Nous sommes réunis pour examiner deux projets de loi relatifs à la dette sociale et à l'autonomie. Leurs enjeux sont colossaux ; leur adoption aurait de lourdes conséquences, certaines même particulièrement inquiétantes. Pourtant, nous nous apprêtons à en discuter dans des délais extrêmement contraints, et une nouvelle fois dans le cadre de la procédure accélérée, après avoir eu en commission spéciale un débat express.
Tout d'abord, sur les 136 milliards de dette que vous souhaitez transférer à la CADES, créée en janvier 1996 pour une durée de treize ans, 92 milliards d'euros, c'est-à-dire la majeure partie, ne constituent en rien une dette sociale. Les personnalités qualifiées auditionnées dans la précipitation – elles ont reçu à dix-huit heures vingt-huit une convocation pour le lendemain ou le surlendemain – par la commission spéciale l'ont toutes signalé ! Le déficit de la sécurité sociale prévu pour 2020 était de 5,4 milliards ; en raison de l'épidémie de covid-19, il est aujourd'hui estimé à 52 milliards. Les 92 milliards ne relèvent pas de ce déficit mais de la « dette covid » de la sécurité sociale, c'est-à-dire des pertes de recettes découlant des mesures de report ou d'exonération de cotisations sociales prises par le Gouvernement face aux conséquences économiques de la crise sanitaire.
Si nous ne contestons pas le bien-fondé de ces mesures d'urgence, nous pensons, comme nombre d'économistes et d'acteurs du champ de la protection sociale ou des secteurs de la dépendance et de l'autonomie, que la nature exceptionnelle de cette dette créée par la crise mérite un traitement spécifique. Ainsi que le propose le président du Haut Conseil du financement de la protection sociale, Dominique Libault, que nous avons auditionné, l'État devrait la prendre à son compte, et non ajouter au déséquilibre structurel de la sécurité sociale. Cette solution présenterait bien des avantages. D'une part, l'État emprunte à des conditions un peu plus favorables. D'autre part, la CADES et l'État, via l'Agence France Trésor, ne gèrent pas du tout leur dette respective de la même manière : la CADES amortit la dette sociale en la remboursant intégralement, intérêts et capital ; l'État, lui, fait rouler sa dette en réempruntant indéfiniment le principal, à des taux d'ailleurs négatifs ces dernières années, si bien qu'il n'en supporte que les intérêts.
L'extinction de la CADES était prévue pour fin 2024. Afin d'amortir ce nouveau stock de dette, il faudrait continuer d'affecter à ce poste les cotisations qu'elle perçoit, c'est-à-dire la CSG et la CRDS, au moins jusqu'en 2033. Ces recettes seraient évidemment bien plus utiles pour financer l'hôpital ou la dépendance dès 2025, ou plutôt dès demain, si d'autres choix étaient faits ! En niant la spécificité de cette dette et les avantages que je viens d'exposer, le Gouvernement ferait une faute dont nous mesurons les conséquences dangereuses.
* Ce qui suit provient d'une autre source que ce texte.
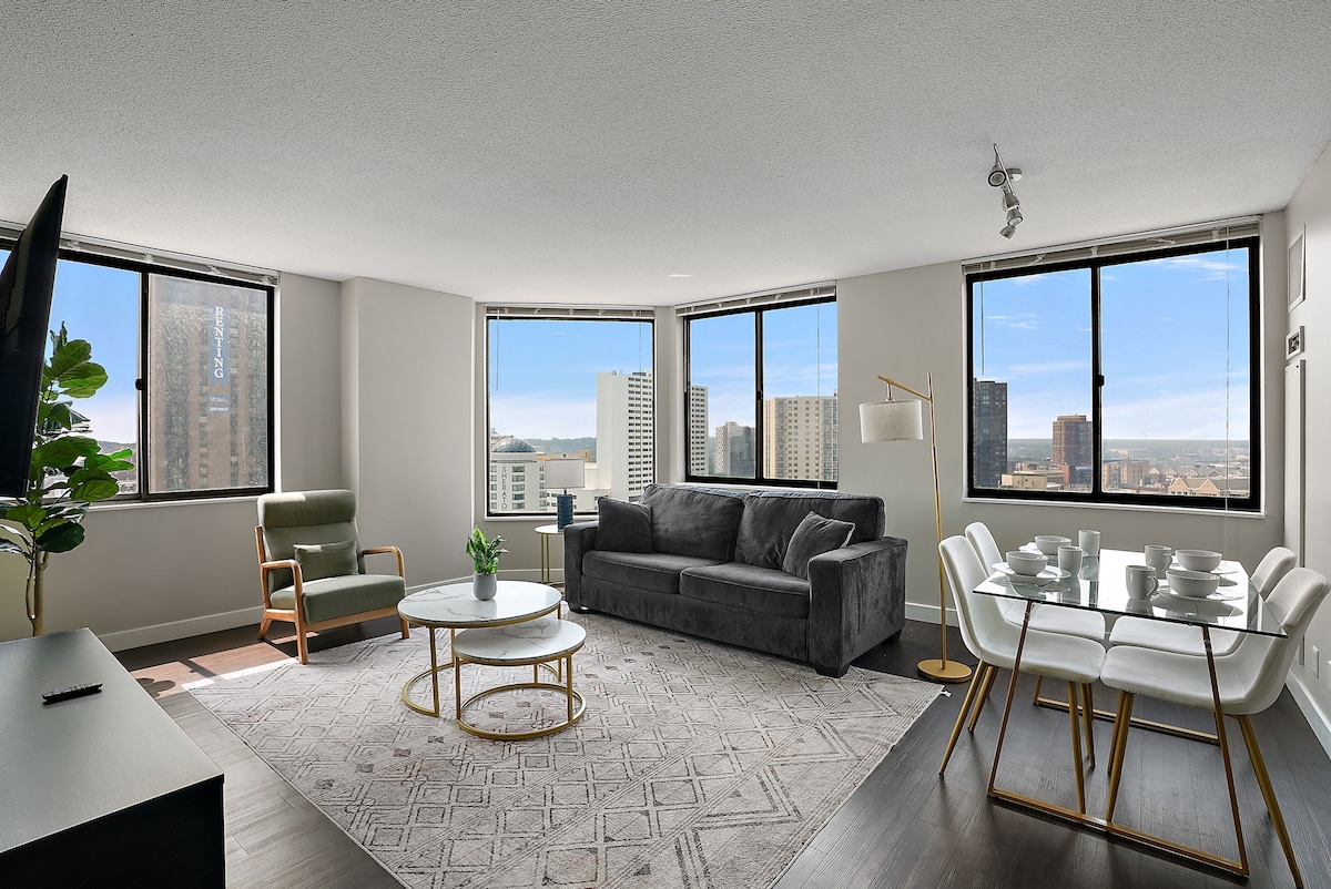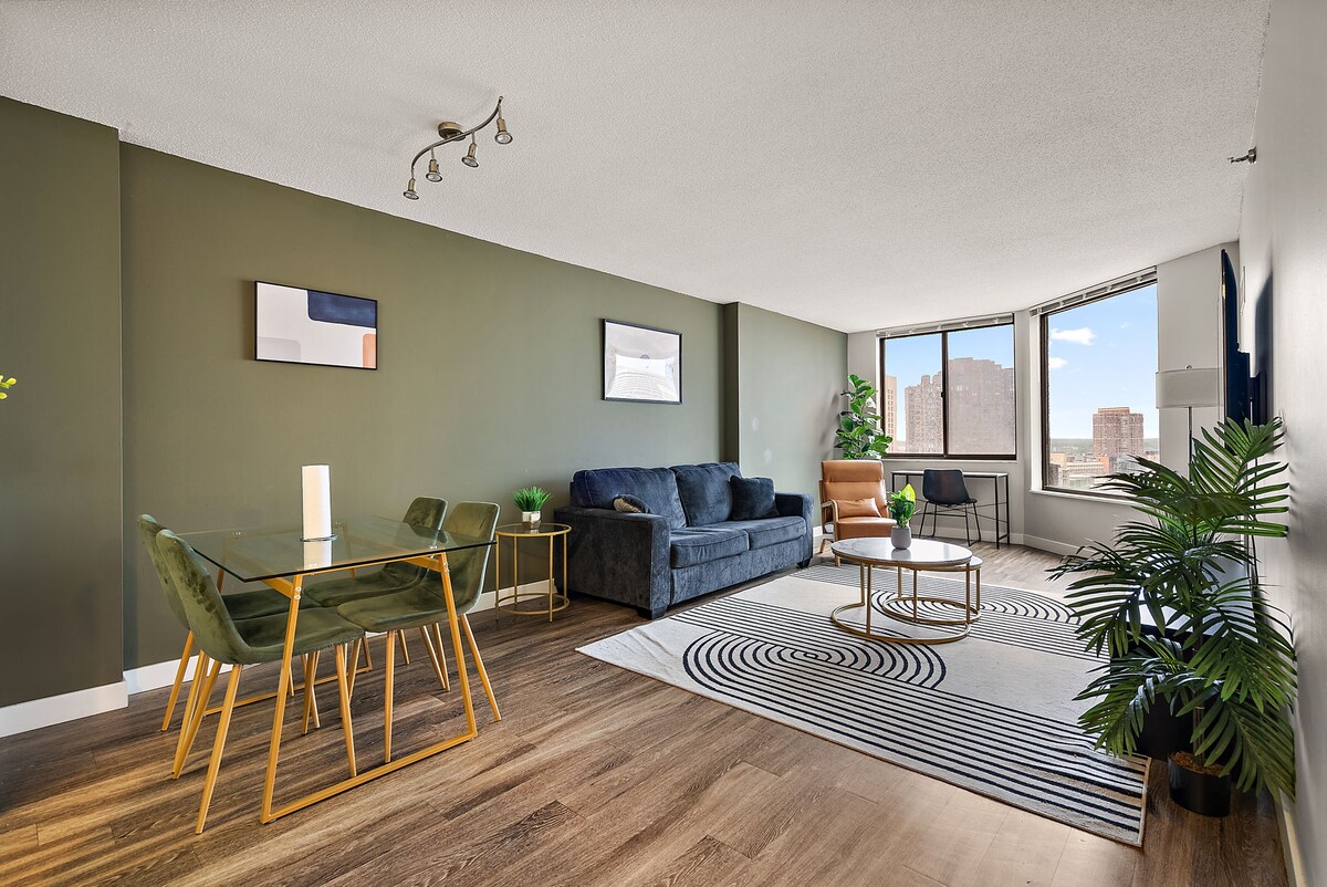This bright and modern high-rise apartment is located in a safe and central neighborhood downtown MPLS Here’s what to look forward to -Fully equipped kitchen, perfect for home-cooked meals -Smart TV, fast Wi-Fi & cozy living room for movie nights -Washer/dryer in unit, ideal for longer stays -24/7 secure building with elevator access -Walk to parks, grocery stores, and kid-friendly restaurants. Our family friendly apartment provides the space, safety, and comfort you need to enjoy your trip

Cette décision infondée viendrait hypothéquer durablement notre modèle social et annihiler les marges de manoeuvre pour les années à venir, en monopolisant chaque année 17 milliards d'euros de cotisations sociales afin de solder une dette non sociale, au lieu de les mobiliser pour répondre aux urgences actuelles et aux défis de demain.
Je souhaite également revenir sur l'annonce de la création d'une cinquième branche alors que vous ne prévoyez pas de moyens nouveaux ; pire, nous venons de voir que vous comptez monopoliser jusqu'en 2033, dans le meilleur des cas, les ressources que bon nombre d'acteurs envisageaient d'affecter en partie à la dépendance et à l'autonomie. S'agit-il là d'un tour de passe-passe, ou d'une véritable supercherie ? La prise en charge de la dépendance nécessite des moyens, dont l'évaluation précise se trouve dans le rapport consacré au sujet par Dominique Libault et salué par tous, mais aussi dans celui de Myriam El Khomri concernant l'indispensable et urgente revalorisation des métiers du grand âge. Les hôpitaux et les EHPAD sont toujours sous pression ; quant aux aides à domicile, leurs représentants nous alertent régulièrement au sujet du manque d'attractivité de cette profession pénible et faiblement rémunérée.
Personne ne peut être opposé à la création de cette cinquième branche, promise depuis 2007 par tous les présidents et tous les gouvernements successifs.